Of the two scenarios I had whittled things down to, I perversely preferred the one involving kidnapping. Such an act absolves kin of any crime, of any complicity, and reunion might thereafter be imagined to be a joyful occasion. Quite the other scenario has borne out. There was a woman in trouble, and a paternal denial. There was a choice, and a determination, and there was a familial verdict: Her life, or mine. Then followed a forced sequestering, and a calculated banishment. Despite the unmatched balance of familial power, it seems my grandfather sought a reprieve, requested a stay, asked for a paternal registration so that I might be raised by maternal family—this was refused. Apparently, my mother fought to keep me an extra month in order to nurse me; to prepare me for the journey that was literally out of her hands.

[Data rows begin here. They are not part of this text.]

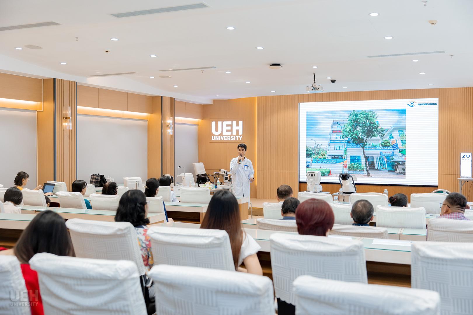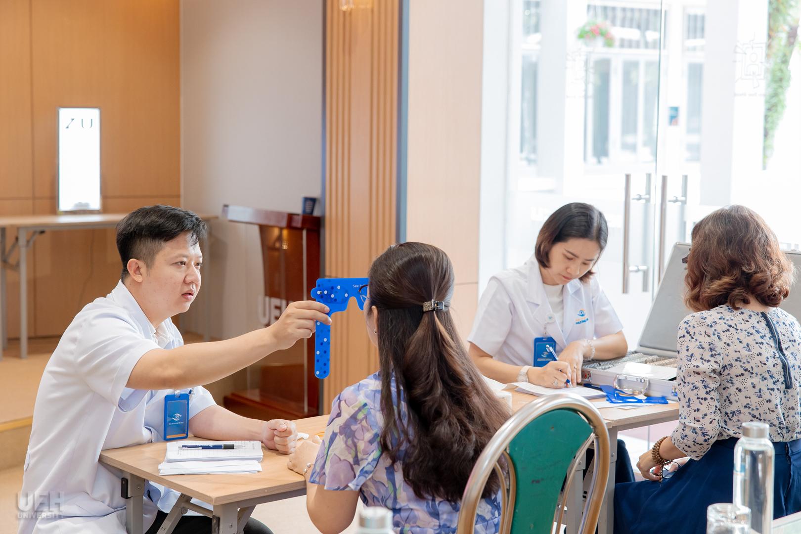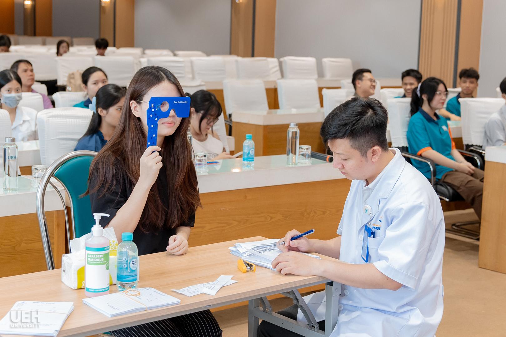 Trong khuôn khổ các hoạt động chào mừng kỷ niệm 95 năm Ngày thành lập Hội Liên hiệp phụ nữ Việt Nam (20/10/1930 – 20/10/2025), sáng ngày 23/10/2025 tại Cơ sở A (59C Nguyễn Đình Chiểu, Phường Xuân Hòa), Ban Vì sự tiến bộ phụ nữ và Công đoàn Đại học Kinh tế Thành phố Hồ Chí Minh (UEH) đã phối hợp cùng Trung tâm Mắt Quốc tế Phương Đông tổ chức thành công Chương trình “Đồng hành cùng UEH chăm sóc đôi mắt sáng khỏe”. Đây là năm thứ ba liên tiếp chương trình ý nghĩa này được tổ chức, bắt đầu từ năm 2023, khẳng định tính bền vững trong cam kết chăm sóc sức khỏe cho viên chức, người lao động và người học của UEH. Chương trình năm nay đã thu hút sự tham gia đông đảo của hơn 200 người tham gia.
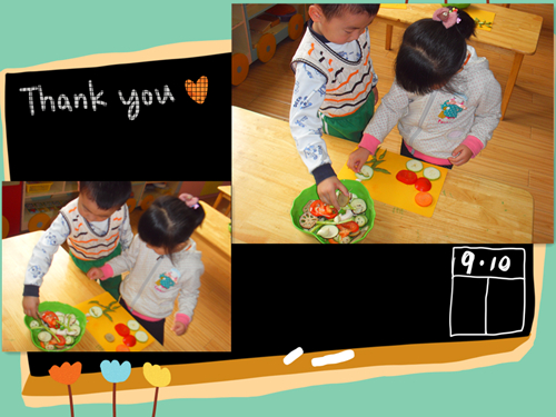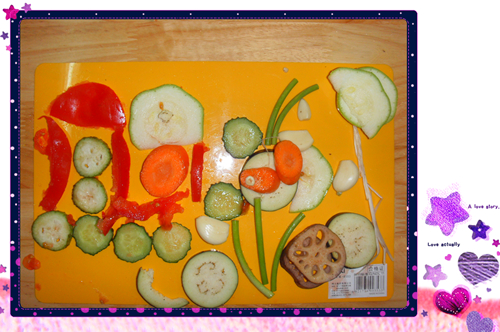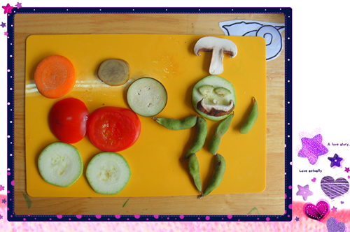 跟好朋友一起合作拼蔬菜拼盘真有意思!
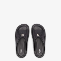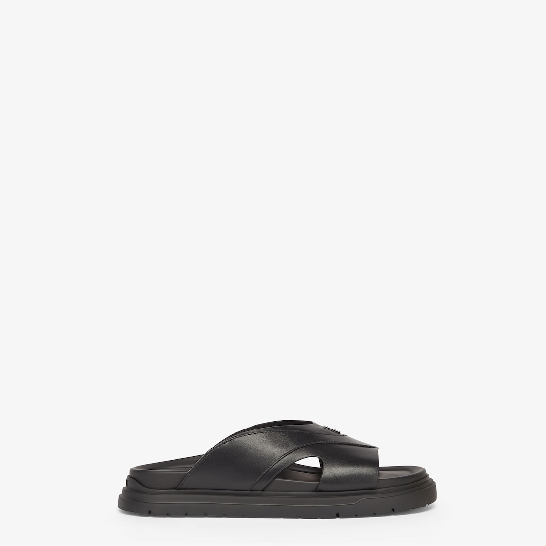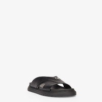 Double-band sandals. Non-slip rubber soles. Made of black leather. The band is embellished with a palladium-finish metal FF applique. Made in Italy Composition: 100% calf leather, interior: 100% calf leather Product Code: 7X1673NA7F0QA1
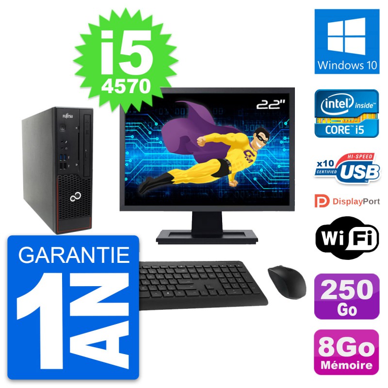 Mini PC Fujitsu C720 format SFF - Intel Core i5-4570 3.2 Ghz (6 Mo) - 8 Go DDR3 - Disque Dur 3,5" 250 Go - Graveur DVD - Clef Wifi USB - Windows 10 - Livré avec Ecran 22" + clavier + souris (Marques et modèles variables) - Garantie 1 an.
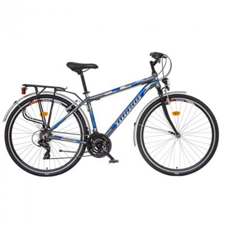 Trekkingový bicykel s rámom zo zliatiny hliníka Al-6061 so zohnutou spodnou rúrou, 18 prevodov, komponenty SHIMANO TOURNEY, radenie SHIIMANO REVOSHIFT, kľuky PROWHEEL, JOYTECH AL náboje, brzdy V-Brake, spevnené DOUBLEWALL ráfiky MATE DWR20V, kompletná výbava na cestnú prevádzku - blatníky RPZ so vzperami, nosič so záklopom, LED osvetlenie, stojan. Rám: Aluminium AL6061, TIG welding, down tube bended Bi-Axial shape, top tube UNI-Style bended shape, S-Type seat stays, integrated Ahead headparts Vidlica: Hi-TEN steel pevná Zadný menič: SHIMANO TY-300Predný menič: SHIMANO FD-TZ31Radenie: SHIMANO RS-35 REVO 3x6Viackolo: SHIMANO MF-TZ20Reťaz: INDEX 6/7spdKľuky: STEEL 48/38/28Počet prevodov: 18 Predný náboj: JOYTECH AL DISCZadný náboj: JOYTECH AL DISCRáfiky: M.A.T.E. DWR-20VPlášte: MITAS HOOK 700x35CVýplet: Pozink CZ 2,0mmBrzdy: SACCON FV-951 V-BRAKE Riadidlá: Steel RaisedPredstavec: Steel 25,4mmSedlovka: Steel 27,2/300mmSedlo: M.A.T.E. BASICRukoväte: Herrmans MOZA 90mmPedále: Plastic body / Steel cage Doplnky: blatníky RPZ so vzperami, oceľový nosič, LED osvetlenie, stojan Hmotnosť: 14,9kg

It seems she resisted other pressures, never marrying, and never having any other children. She sought refuge in her faith, the family being mushayakh; this is a comfort to me. And now the question remains: Who dares fathom such grief? Who will atone for such suffering? Before I could even formulate the question, I was informed that both had passed away some time ago. An infinite pause followed, and an abyss opened its maw before me. Her name, in Arabic, means “happiness”. What I would give now to have seen her eyes gladdened by my return; her name thus restored as well.

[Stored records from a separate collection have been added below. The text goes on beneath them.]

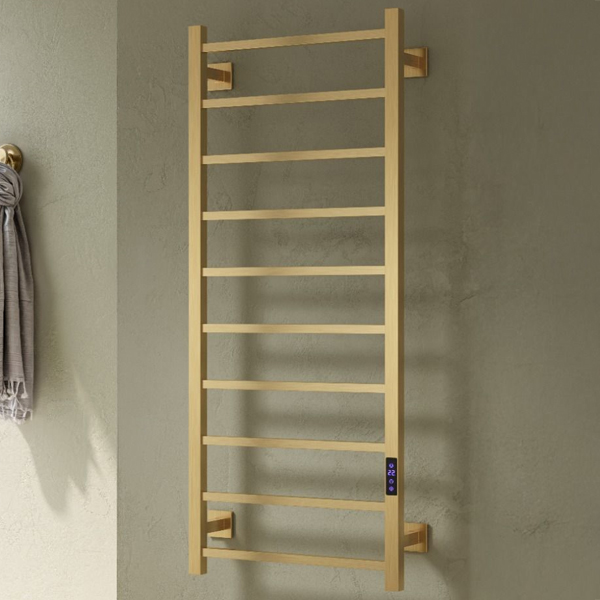 Reina Velino Square Tube Dry Electric Towel Rail - Stainless Steel - 500mm Wide.
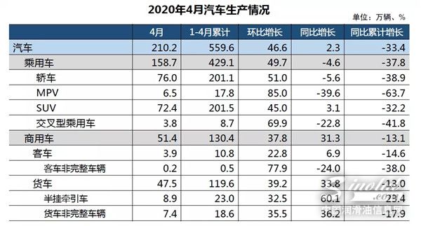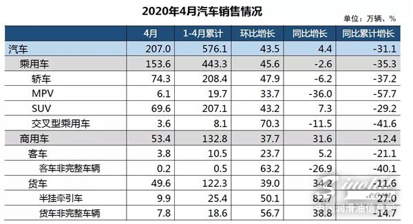 4月,汽车产销分别完成210.2万辆和207万辆,环比增长46.6%和43.5%,同比分别增长2.3%和4.4%,月增速为今年以来的首次增长,其中销量更是结束了连续21个月的下降。
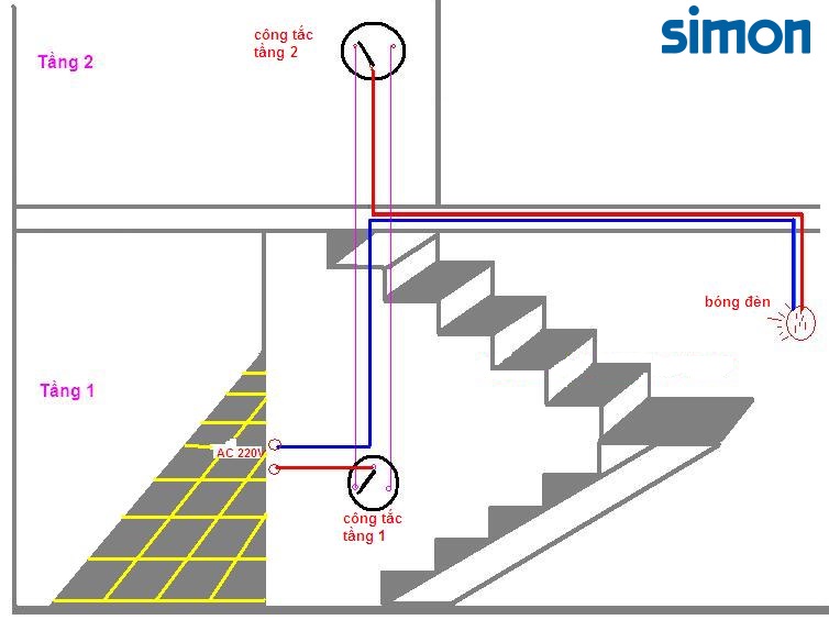 Sơ đồ đấu Công tắc cầu thang:
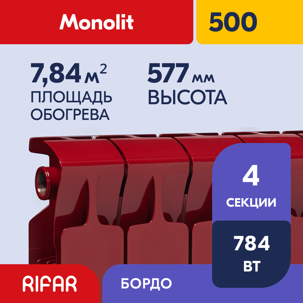 10 цен на Rifar Monolit 500 - 4 секции, цвет Бордо (RAL 3011 красный) боковое подключение

To those who arrogantly propose the “win-win” of adoption, I ask you now: Do you feel no duty, no compulsion, to take on this, the grief of a mother for the child she hardly knew? Now compounded by that of her son, grieving the one he never met? I will visit her grave on Friday, inch’allah, and I will place this crime on your shoulders as I place flowers at her resting place. Will you, at long last, include us in your horrid calculus of valid humanity? Do you imagine, after all this, I will continue to suffer gladly your sidewise glances, your sneers, your judgments, your backstabbings, your underminings, your euthanizing musings? “Paradise lies at the feet of mothers”: a succinct condemnation of your arrogance and disdain. And I have nothing if not my mother’s resistance. Her story, of patience in the face of incalculable adversity, is one shared by millions of others. Her narrative of standing up to you is a comfort you cannot deliver and an agony you cannot assuage with your despicable adoption, its baleful marketing, its woeful mythologies. You have failed miserably, on a global scale and a universal level, and the displaced, and the dispossessed, and the disinherited now hold you to account. You are the inculcators of an intolerable misogyny; the doctrinaires of wretched misery, all in the name of “family”. How do you answer? What is your plea?

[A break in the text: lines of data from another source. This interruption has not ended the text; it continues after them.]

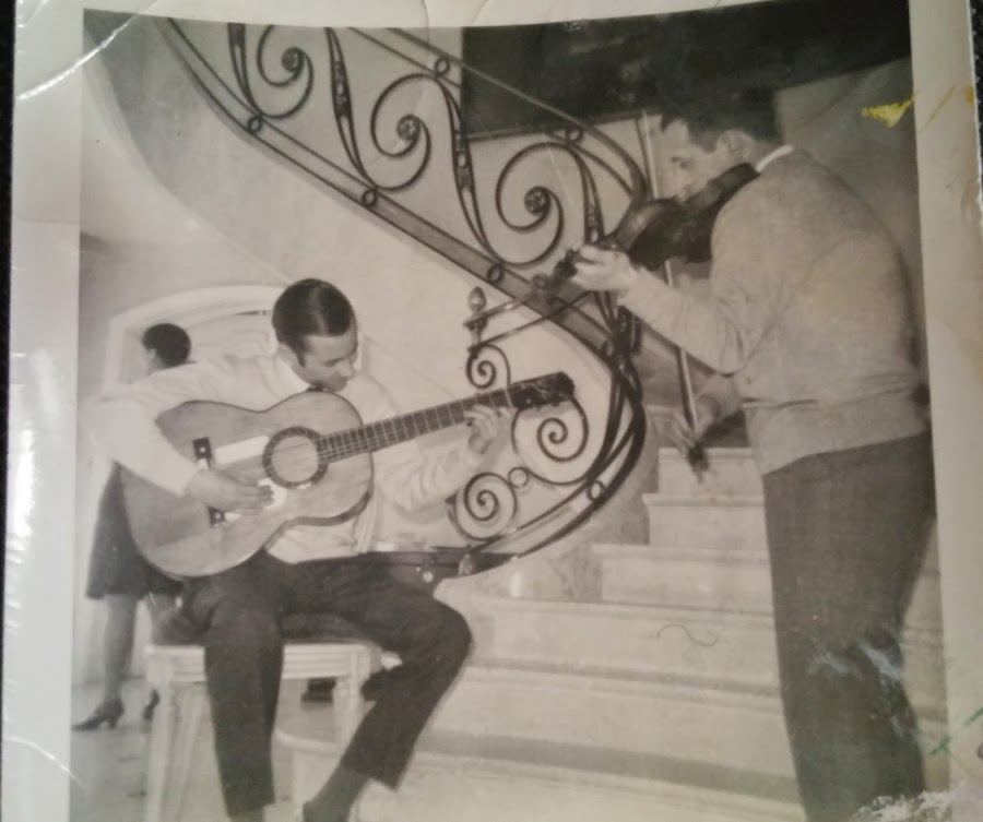 El autor en sus fiestas en Bruselas, tocando la guitarra.
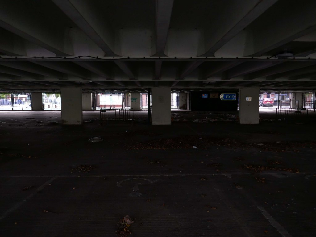 The weary walker is diverted toward the Civic Quarter Car Park.
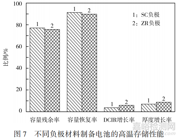 兩種負(fù)極材料制備電池在60℃存儲30d的性能見圖7。從圖7可知,60℃滿電存儲30d后,與ZR負(fù)極材料相比,SC負(fù)極材料制備電池的容量殘余率及容量恢復(fù)率分別高1.4%及1.5%,說明SC負(fù)極材料制備的電池存儲過程中因不可逆反應(yīng)損失的容量低于ZR負(fù)極材料。
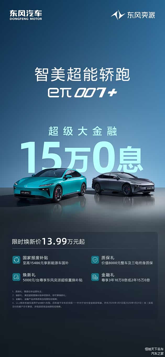 2026开年购车福利重磅来袭!东风奕派eπ007+携“15万0息”金融大礼强势登场,以低门槛、高性价比优势,成为年轻人入手新能源轿跑的首选,让每一位追光青年都能轻松圆轿跑梦,无压力拥抱高品质出行。

Goodbye, Lebanon. May you treat more kindly those who follow. And may they find something other than the harsh rebuke suffered by those who have the great misfortune of finding themselves within your bogus borders. May you be haunted eternally by all of those you have disappeared, in ways as nefarious as iniquitous; those who have gone missing to preserve your fascistic notions of “reputation”; of “purity”; of patriarchy. I survived your immune response for 12 years. What I know now, what I have learned about myself, in terms of my sense of place and family and belonging, will undoubtedly inoculate me for however long a future that might remainder me in this realm. You can no longer sap my soul, nor will I allow you to foment my nightmares; you are bereft of power over me, you are exorcised and extirpated in turn. And my name henceforth shall be known as: Daniel Ibn Bahija, may God rest her soul; grandson of Hussein and Latifa. You cannot deprive me of my right to origins. And there is one final statement to make before I close this chapter of my life: know that I will return. My place is secured; the mountain winds are at my back; my journey is as on the plain; my people have been informed of your doleful crime. And now I can state that I have survived you twice; returning stronger each time; and it is my great pleasure knowing that my expulsion will be forever marked by a scar, and I am honing my skill at further flaying your woundings. For I have learned the meaning of patience, and steadfastness in the face of adversity; and my very being, let it be known, is noble testament to my mother’s fortitude. And my existence is her resistance.